Sebbene ci siano rischi per la strategia di una seconda dose ritardata, i benefici di dare a molte più persone una prima dose prima meritano una forte considerazione della strategia, soprattutto perché è probabile che la carenza di vaccini diminuisca entro la tarda primavera. A supporto di ciò, il 30 dicembre 2020 il Regno Unito ha approvato l’approccio ritardato della seconda dose e il 21 gennaio 2021 il CDC ha liberalizzato le sue linee guida in merito ai tempi della seconda dose, affermando per la prima volta che un ritardo fino a 6 settimane dopo la prima dose sarebbe accettabile.

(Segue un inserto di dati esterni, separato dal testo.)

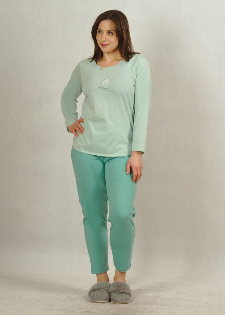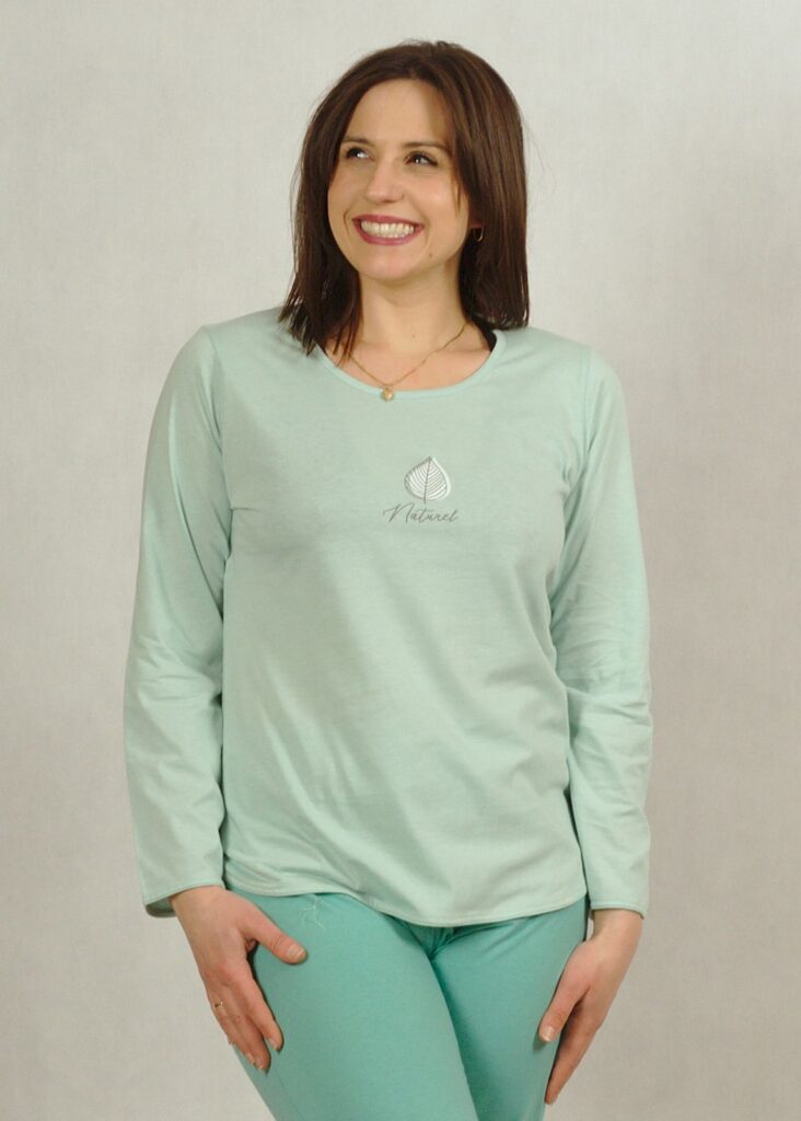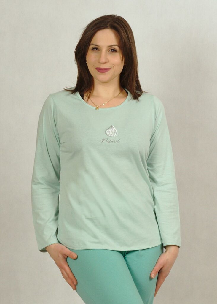 Śliczna bawełniana piżama, składająca się z zielonej bluzy z nadrukiem oraz spodni w odcieniu ciemniejszym niż góra.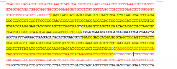 各位大侠谁能帮我分析一下 图片中的序列怎么进行rt-pcr,其中红色字体为反向互补的两个序列,黄色底纹的是两个序列一致的片段,黑色字体位于两个黄色相同序列直接的间隔区,求高手指点 要做这个片段的5‘race。谢谢! 图片1.png |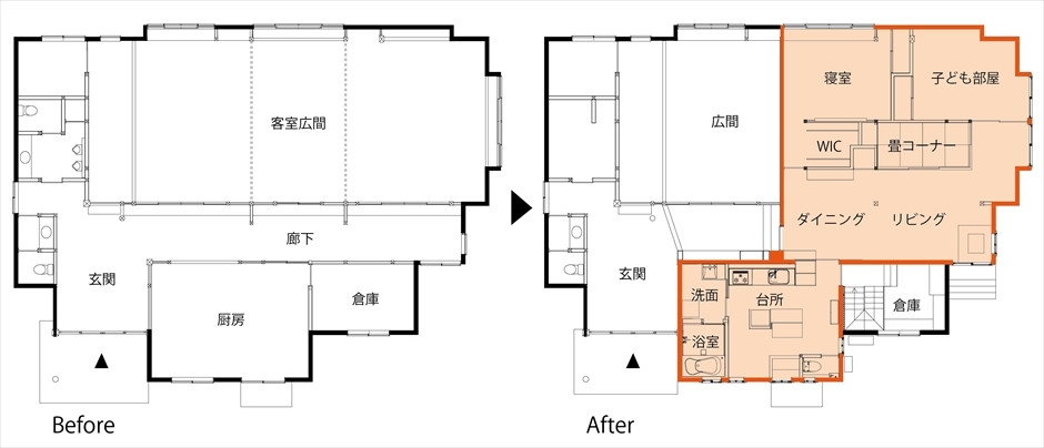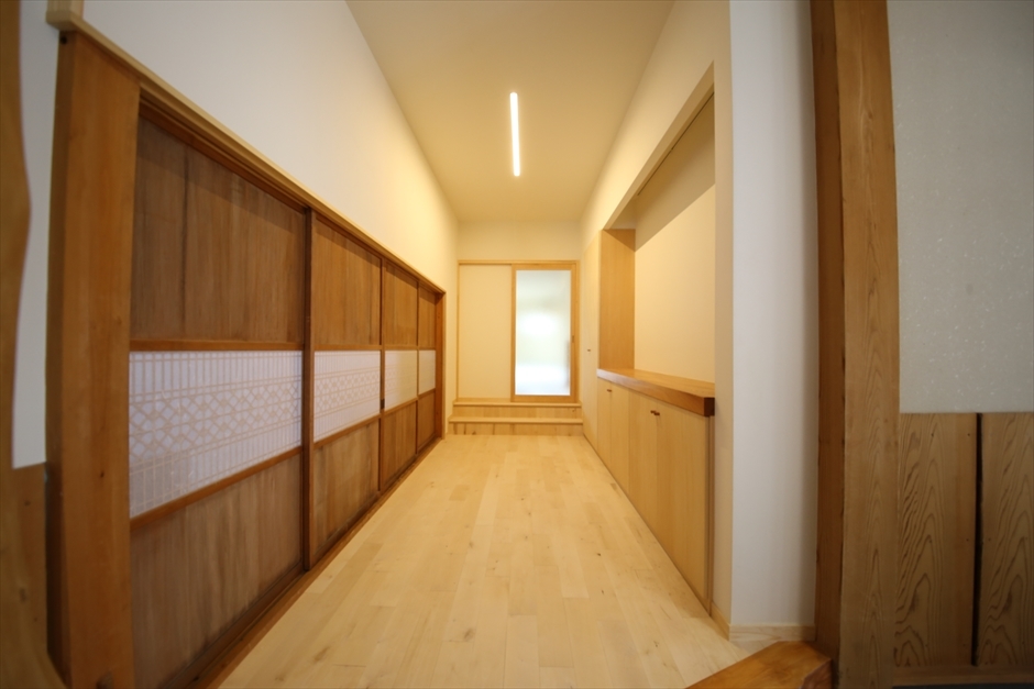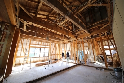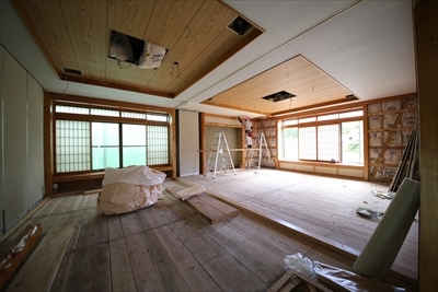 住み継ぎの提案としては、ご予算に応じて「大きな建物を程よく仕切る」リフォームを提案しています。今回のリフォームでは、店舗を約半分に区切り、主な住居スペースを断熱エリアとして仕切ります。そうすることで、古い建物でも今の省エネ性能以上のスペックで快適な住まいとできます。残りの既存部分は、納戸的な利用や客間、将来的に次世代がリフォームするなどの可能性が広がります。

Sebbene attenersi al piano sia sempre confortante, l’attuale crisi del Covid-19 offre un classico caso in cui il piano, proteggendo troppo poche persone troppo lentamente di fronte a una minaccia crescente, può rappresentare l’opzione più rischiosa.
Ovviamente, qualsiasi deviazione nel protocollo dovrebbe essere studiata in modo rigoroso e rapido e le seconde dosi dovrebbero essere somministrate prontamente man mano che la scorta di vaccino diventerà sempre più abbondante.
Commento (0)
Devi fare il login per lasciare un commento. Non sei iscritto ?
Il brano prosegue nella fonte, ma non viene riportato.